Unlike nearly every other architect I know, I am a pretty good writer. Most people who know me well have suggested at one time or another that I audition as an architectural critic for one of the local or regional newspapers. I haven't done it, however, because I've been committed to doing architecture rather than writing architecture. (And never you mind that I'm writing architecture with this blog, and also never mind that doing both may in fact be possible.)
I graduated nearly two decades ago from one of the finer architecture schools in the western U.S., and have been practicing my craft ever since.

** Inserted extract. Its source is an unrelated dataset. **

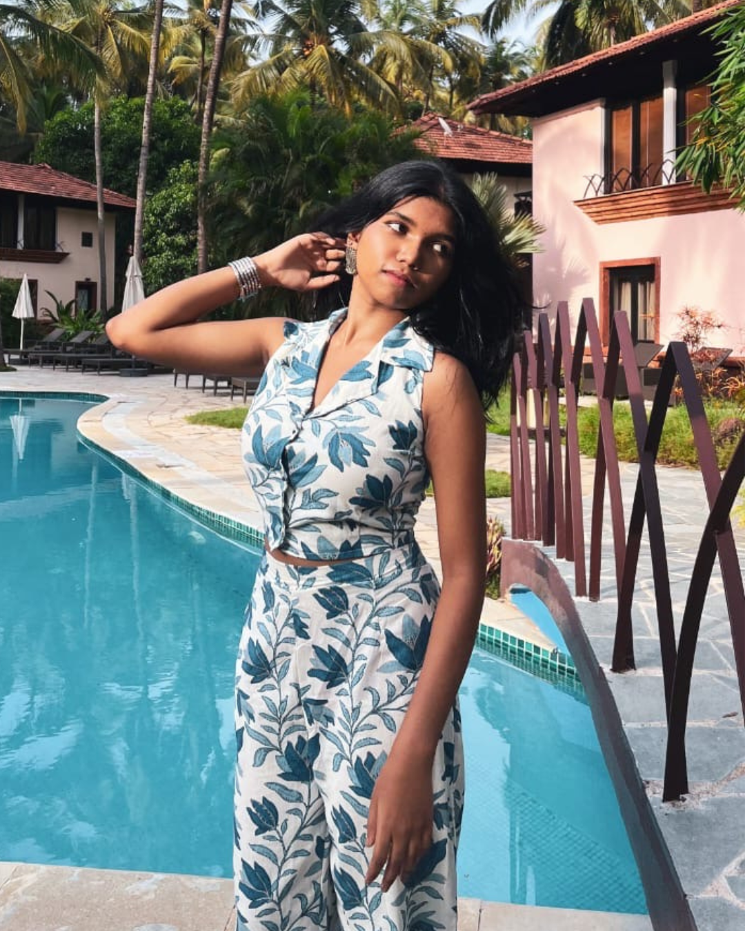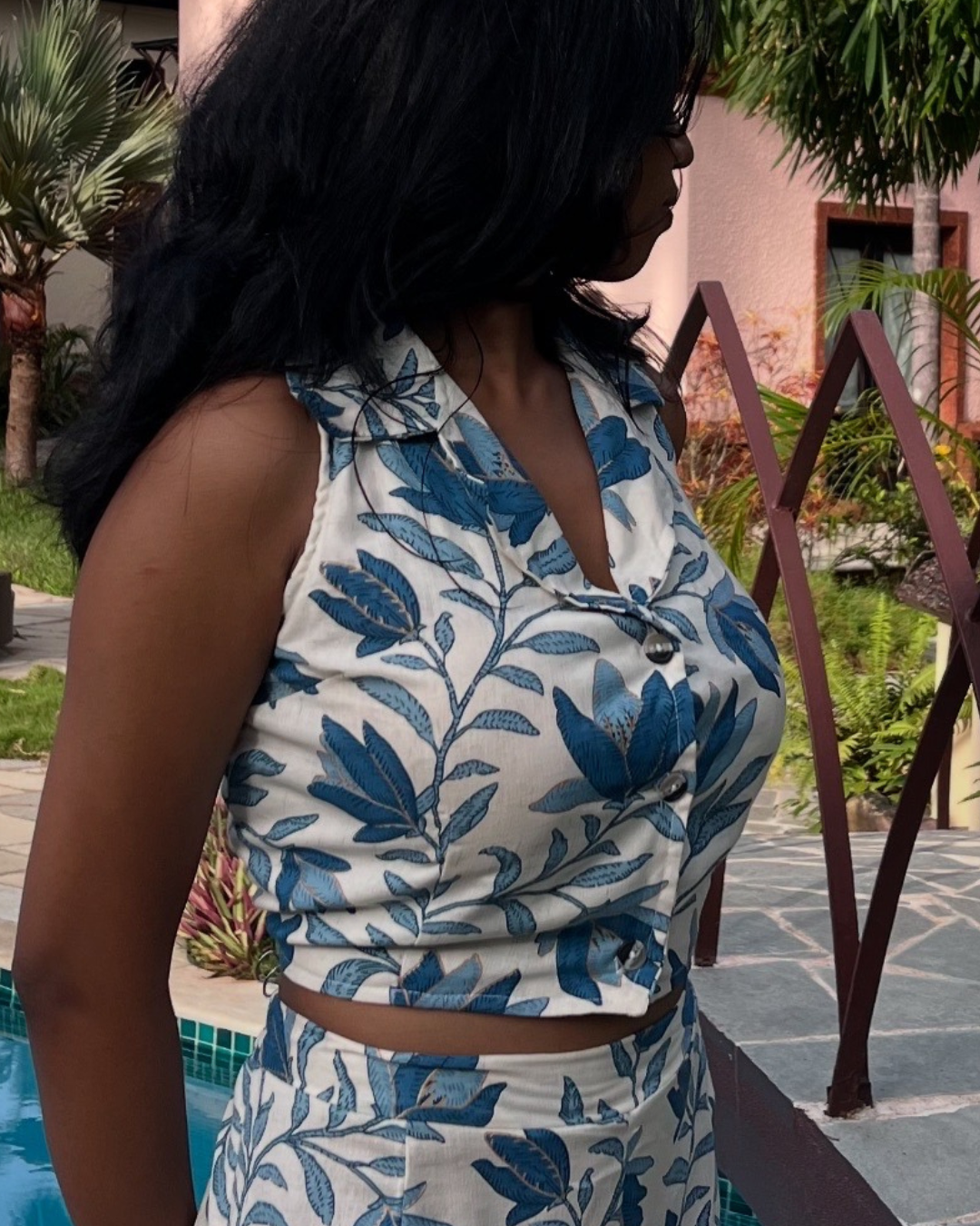 Drift into the calm of coastal winds with this soft cotton co-ord set, featuring an elegant leaf print in shades of ocean blue. The sleeveless button-down top pairs seamlessly with high-waisted bottoms, bringing together comfort and bold freshness. Perfect for sunny getaways, breezy brunches, or just when you want to feel like summer.

I've owned and managed my own firm now for over three years, and I just might actually make some money this year. At least that's the theory and prayer (truer than I want to admit).
I've designed churches and houses, huge sports arenas and school gymnasium additions, hospitals and outpatient clinics, sprawling office buildings and $10,000 kitchen remodels, greenhouse complexes and toxic waste disposal facilities.
My favorite projects? Churches and houses. My favorite clients? Those who pay on time... and don't yell at me if I screw up.
Finally, I'm married with three sons and I live in a western state (of mind). That's it. Everything else will have to be inferred from future posts. (Inferred? Did I use that word correctly? Who cares? I'm an architect. It's a wonder that I can even spell!)
I hope that I make this interesting for my readers. I think I mentioned earlier that I have a lot of stories to tell. Let's remain hopeful that I succeed. If not, then it should still be good therapy.
I try to work as little as possible, but when I do, I bill at $75 an hour. I'm worth more, but illegal immigrants are holding down wages. And yeah, that's a picture of me... only I'm taller and younger. You want to believe me, don't you?